**What needs to be done:** Of all the lines below, return only those starting with the line holding "кг, зеленая, ТМ" and going on through the line holding "-Heel: 2in Block", exactly as written.

**Provided records:**
——

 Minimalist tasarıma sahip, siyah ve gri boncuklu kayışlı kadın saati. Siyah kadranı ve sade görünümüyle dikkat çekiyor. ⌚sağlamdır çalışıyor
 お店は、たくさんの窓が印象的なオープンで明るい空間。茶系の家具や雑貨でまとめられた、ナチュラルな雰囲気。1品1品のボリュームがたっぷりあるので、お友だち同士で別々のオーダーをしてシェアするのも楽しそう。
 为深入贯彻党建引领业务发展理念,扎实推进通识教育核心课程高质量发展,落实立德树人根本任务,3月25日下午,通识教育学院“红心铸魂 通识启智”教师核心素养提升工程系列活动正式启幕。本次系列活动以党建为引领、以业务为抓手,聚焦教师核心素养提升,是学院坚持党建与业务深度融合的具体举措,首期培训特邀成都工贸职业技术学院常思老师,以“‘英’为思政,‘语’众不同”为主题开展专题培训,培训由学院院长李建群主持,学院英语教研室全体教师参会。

——

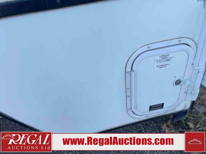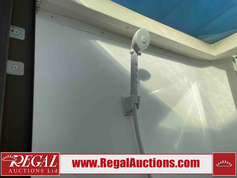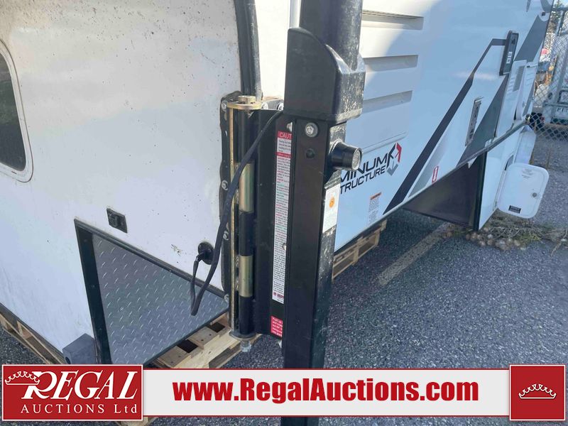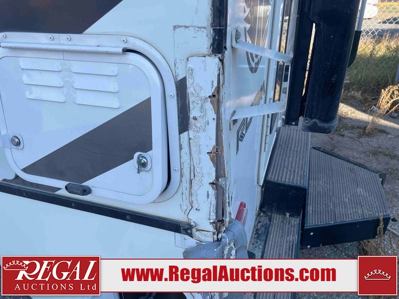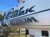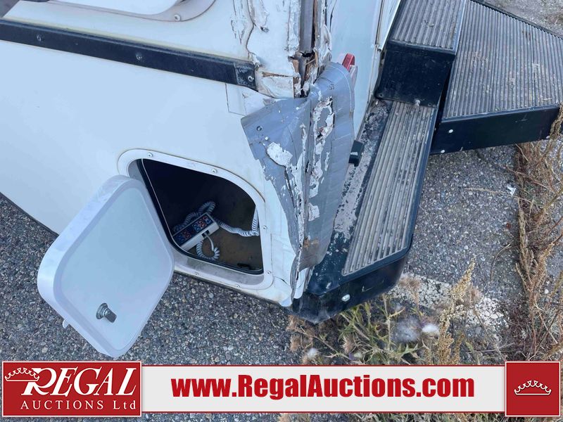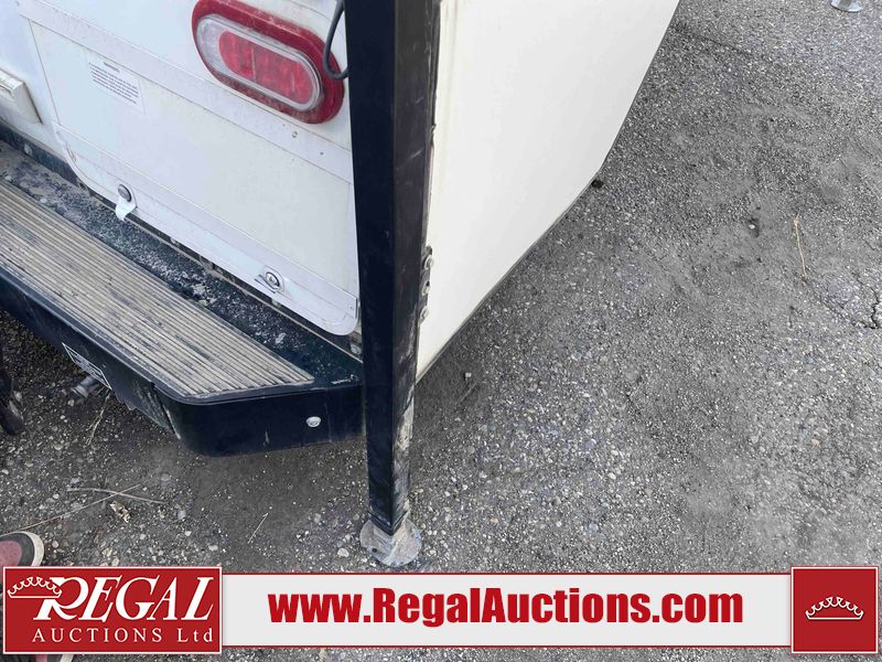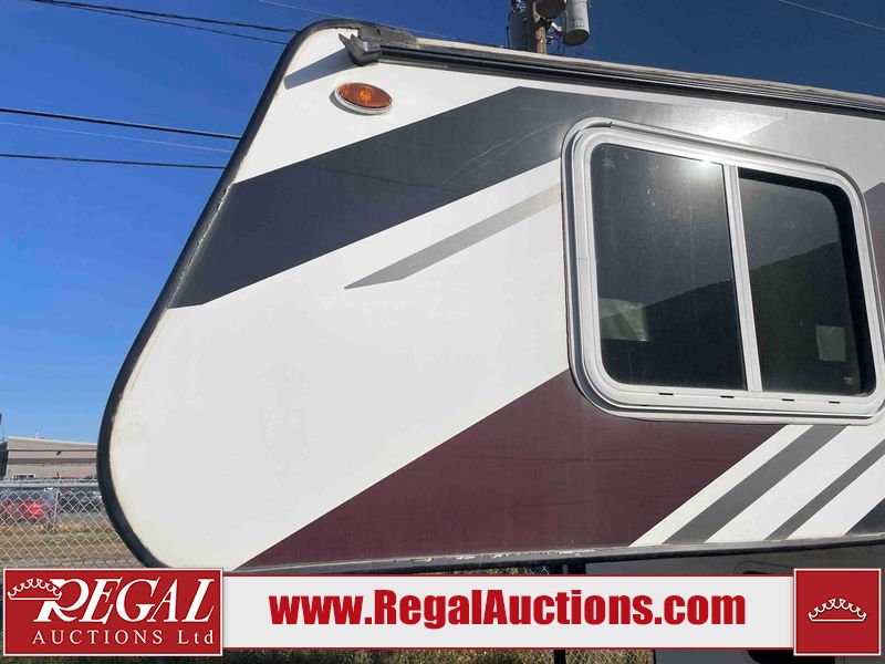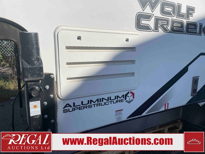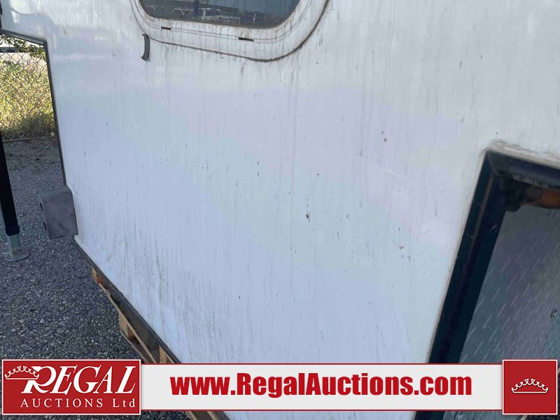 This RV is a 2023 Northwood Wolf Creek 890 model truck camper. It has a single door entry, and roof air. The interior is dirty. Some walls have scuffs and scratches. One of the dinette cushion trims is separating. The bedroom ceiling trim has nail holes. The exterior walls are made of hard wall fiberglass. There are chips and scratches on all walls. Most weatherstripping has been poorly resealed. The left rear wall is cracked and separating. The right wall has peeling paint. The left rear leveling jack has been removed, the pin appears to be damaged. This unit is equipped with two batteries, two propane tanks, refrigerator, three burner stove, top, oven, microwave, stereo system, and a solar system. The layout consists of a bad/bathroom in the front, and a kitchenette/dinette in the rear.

——

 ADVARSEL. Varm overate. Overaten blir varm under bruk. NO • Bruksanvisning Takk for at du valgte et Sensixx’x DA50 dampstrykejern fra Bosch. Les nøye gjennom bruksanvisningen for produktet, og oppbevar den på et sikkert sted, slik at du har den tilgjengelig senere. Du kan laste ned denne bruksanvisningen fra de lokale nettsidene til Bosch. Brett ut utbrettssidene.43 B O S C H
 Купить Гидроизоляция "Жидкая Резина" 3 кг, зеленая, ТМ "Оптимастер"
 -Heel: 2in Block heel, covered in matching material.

——

**Task result:**
 Купить Гидроизоляция "Жидкая Резина" 3 кг, зеленая, ТМ "Оптимастер"
 -Heel: 2in Block heel, covered in matching material.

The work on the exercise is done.